B. De verschillende Joodse stromingen:

 

 200 v. Chr.             100 v. Chr.                        0                           100 na Chr.                    200 na Chr.             

Farizeeën ( afwijzend t.o. Romeinen; aanhang van gewone mensen; geloof opstanding)                           -         bleven bestaan na 70

Sadduceeën (samenwerkend met Romeinen; aristocraten/ geen geloof in opstanding)   - verdwenen na 70

Zeloten (fel verzet tegen Romeinen) – meest extreme vorm: Sicariërs – verdwenen in loop der tijd

Essenen:  geloof in Messiasfiguur ; te splitsen in:        

                            a.   Therapeutae

                            b.   Nazareeërs                            - geloof in maagdelijke geboorte Jezus                       -----               hieruit ontstond het Christendom

                                           hiernaast : Ebionieten: - Jezus is natuurlijke zoon van Maria en Jozef

                            c.   Osseeërs

                                                                          d.   Mandeeërs : volgelingen van Johannes de Doper                                                                                 bestaan nog steeds

Samaritanen ( door hele geschiedenis als 2de rangs Joden beschouwd)                                                                                                                              bestaan nog steeds

 

1. de Farizeeën, omstreeks 200 v.Chr. ontstaan,  hielden zich strikt aan de joodse wetgeving van de Pentateuch en aan de mondelinge overlevering (de Misjna). Ze kwamen voort uit leken en priesters en wilden vooral de gewone mensen bereiken, in tegenstelling tot de verhelleniseerde Sadduceeën, de partij van de hogepriesters. Ze geloofden in engelen, geesten, de opstanding uit de dood en het Laatste Oordeel, maar ook in de vrije wil, hoewel het Lot soms ook hielp.
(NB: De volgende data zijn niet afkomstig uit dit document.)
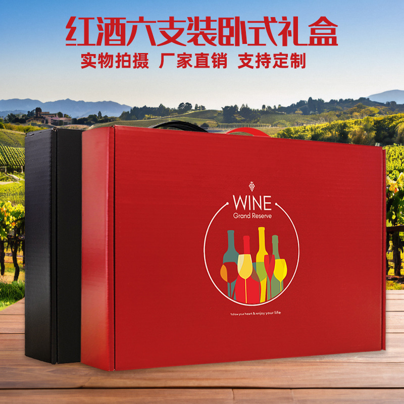 メーカー卸売ハイエンド赤ワイン包装箱 6 パックギフトワインボックス UV 印刷包装ギフトボックス赤ワインギフトボックス
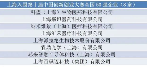 在上海的8家50强企业中,生物医药占据了半壁江山,这彰显了上海在生物医药领域的创新优势和实力。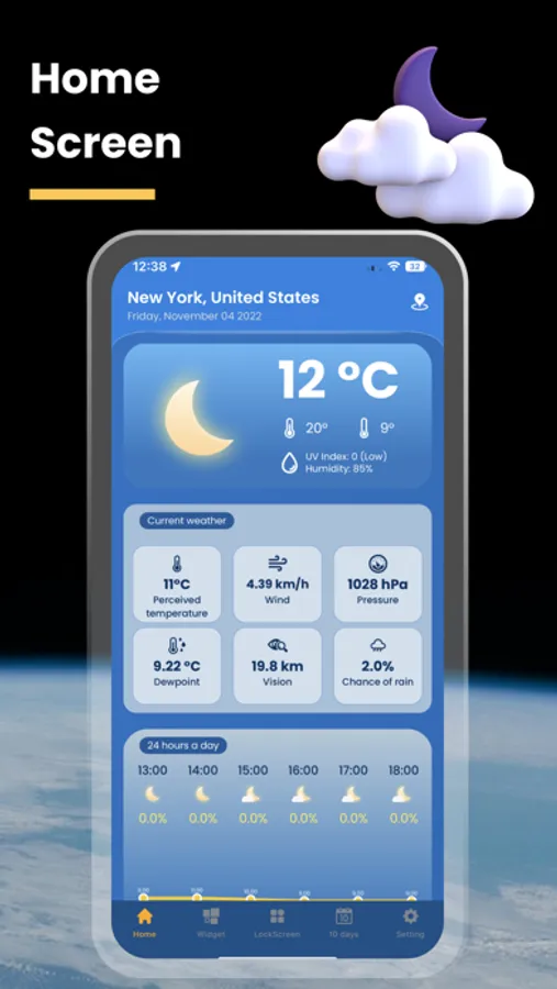 - 12-hour weather preview (temperature, precipitation), comfort index (dew point, humidity, wind chill, how it feels), UV index and wind forecast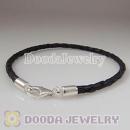 38cm Black Braided Double Leather Bracelet with Sterling Lobster Clasp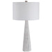 This Table Lamp Showcases A Tapered Base In A Concrete Look With Crisp Edges And Porous Texture Finished In Off-white, Light Gray, And Taupe Tones, Paired With Brushed Nickel Accents. The Round Hardback Drum Shade Is A White Linen Fabric.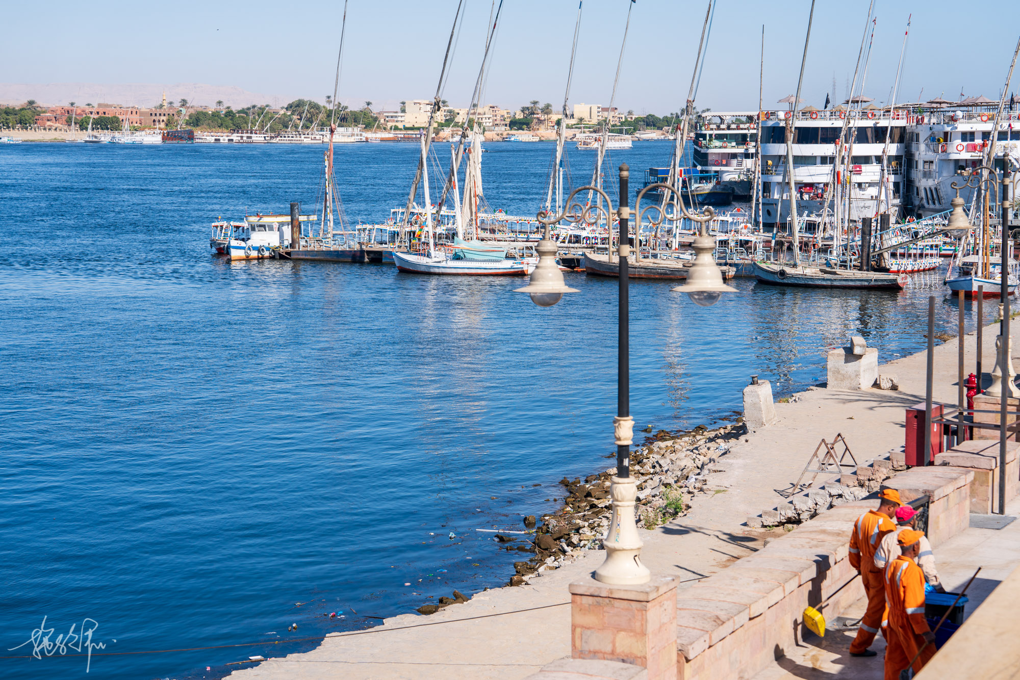 从旅舍走出来十几分钟就看到了尼罗河,哇哦,第一眼的尼罗河蓝到心里去了。就这样走走停停,原本想去公共码头乘坐船票5磅的轮渡,结果在路上还是被船夫拉走了去坐10磅的小船。既来之则安之,享受着在尼罗河上短暂的飘摇,我们下船了。

Nadat de Hasmoneeën (zie 1C) ook het hogepriesterschap op zich hadden genomen, keerden de Farizeeën zich steeds meer tegen hen.

Hun verhouding tot de Romeinen was afwijzend, maar ging niet zover als die van de Essenen en de Zeloten  De Farizeeën speelden een grote rol bij de Joodse Opstand. Flavius Josephus – een van de Farizeese leiders en later een belangrijke geschiedschrijver- gaf zich in Massada over aan de Romeinen en werd daarom door een aantal Joden als collaborateur beschouwd. Na de Joodse Opstand verdween de partij van de Sadduceeën, maar de gematigde Farizeeën bleven bestaan.

 

2. De Sadduceeën, waarvan de naam wellicht afkomstig is van het Hebreeuwse woord voor ‘rechtvaardig’(tsadicq) behoorden tot de priesterklasse en de hogere stand onder de leken. In Jeruzalem vormden zij de aristocratie. In de tijd van de Hasmoneeën  ( zie 1 C) onderhielden zij nauwe banden met koningshuis.. Vrijwel alle hogepriesters in de tijd van de Herodianen waren afkomstig uit de belangrijkste families binnen de Sadduceeën. In hun wetsinterpretatie waren ze conservatief: zij aanvaardden alleen de vijf boeken van Mozes zonder enige aanpassing. Ze gingen uit van de vrije wil van de mens en wezen een goddelijk Lot of Voorbeschikking af. Politiek gezien waren ze zeer behoudsgezind. Zij pasten zich aan het Romeins gezag aan en waren de machtigste fractie in de Hoge Raad (=Sanhedrin- tevens een soort parlement) en werden veelal gehaat door het volk.

 

3. de Zeloten vormden een (niet al te vast omlijnde) groepering onder de Joden in de 1e eeuw  Alleen tijdens de opstand van 66- 70 was er sprake is van een min of meer centrale organisatie. Naast de Zeloten waren er in de eerste eeuw nog vele kleine guerrilla-achtige groepjes, die  wel als 'Zelotische bewegingen' worden aangeduid, maar wat organisatie betreft hadden zij niets met elkaar te maken.. De naam 'zeloot' betekent 'ijveraar'. Zeloten zagen zichzelf als 'ijveraars' voor de heiligheid van de naam van God. Dat hield in dat zij geen heer boven zich wilden erkennen dan God alleen. De consequentie daarvan is dat zij het keizerlijk gezag (en de Romeinse overheersing in het algemeen) godslasterlijk vonden. Zij weigerden dan ook belasting te betalen. De meest extreme Zelotische beweging was die van de Sicariërs, die met een dolk (Lat. sica) aanslagen pleegden op hooggeplaatste Joden die goede contacten onderhielden met de Romeinse bezetter.

 

4. de Essenen ontstonden in de 2e eeuw v.Chr. Er waren ongeveer 4000 Esseense mannen die in verschillende groepen woonden. Ze leefden celibatair, in gemeenschap van goederen en ascetisch. Ze namen de Thora en de Sabbatsheiliging zeer serieus en hadden allerlei rituele reinigingen. Men kon toetreden na een proefperiode van drie jaar. Overtreding van de regels van de orde kon leiden tot uitsluiting.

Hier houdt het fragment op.